_PROBLEM DETAILS_
Pictures in the material below are to be left out, and only the lines from the line with "薬局外から在宅患者さんの薬歴を入力、閲覧できますか。" up to and including the line with "在收钱界面,点击二维码右上方的【。。。】,下方界面,点击向微信/QQ朋友收款;" are to be written out exactly.

_DATASET EXCERPTS_
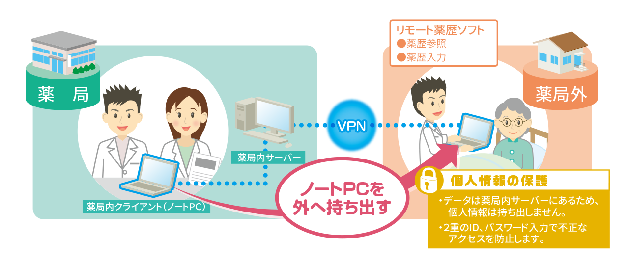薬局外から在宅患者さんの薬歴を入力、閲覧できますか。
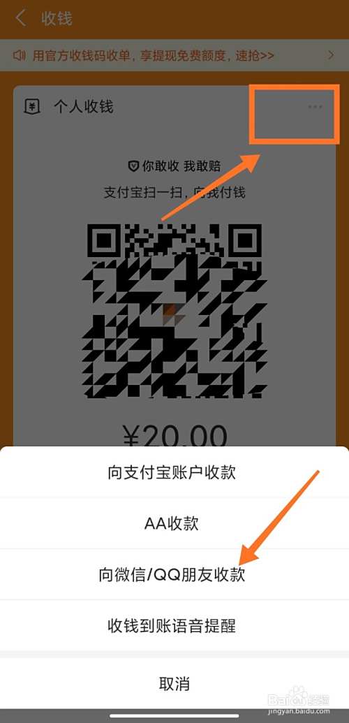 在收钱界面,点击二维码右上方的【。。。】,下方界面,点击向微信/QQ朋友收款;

---

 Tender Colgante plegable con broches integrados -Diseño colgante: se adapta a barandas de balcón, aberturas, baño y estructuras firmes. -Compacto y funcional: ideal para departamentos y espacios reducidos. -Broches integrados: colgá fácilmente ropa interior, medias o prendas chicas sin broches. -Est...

...

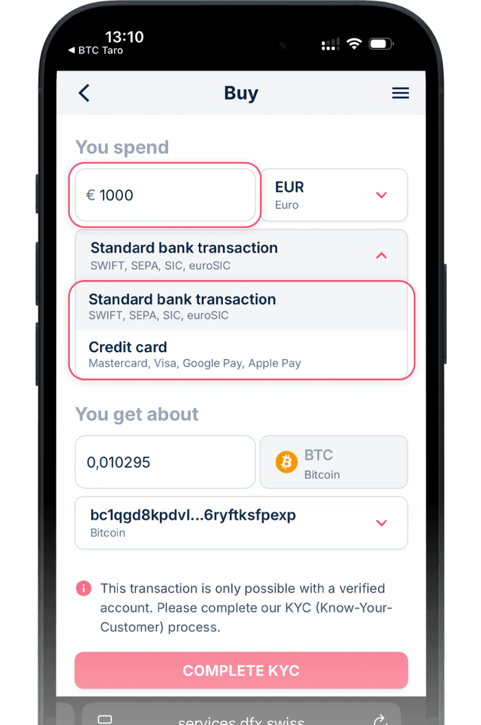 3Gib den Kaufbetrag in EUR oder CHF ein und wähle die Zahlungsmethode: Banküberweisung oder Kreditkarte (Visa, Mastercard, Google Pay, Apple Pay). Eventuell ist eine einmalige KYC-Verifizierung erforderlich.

_RESULT BELOW_
薬局外から在宅患者さんの薬歴を入力、閲覧できますか。
 在收钱界面,点击二维码右上方的【。。。】,下方界面,点击向微信/QQ朋友收款;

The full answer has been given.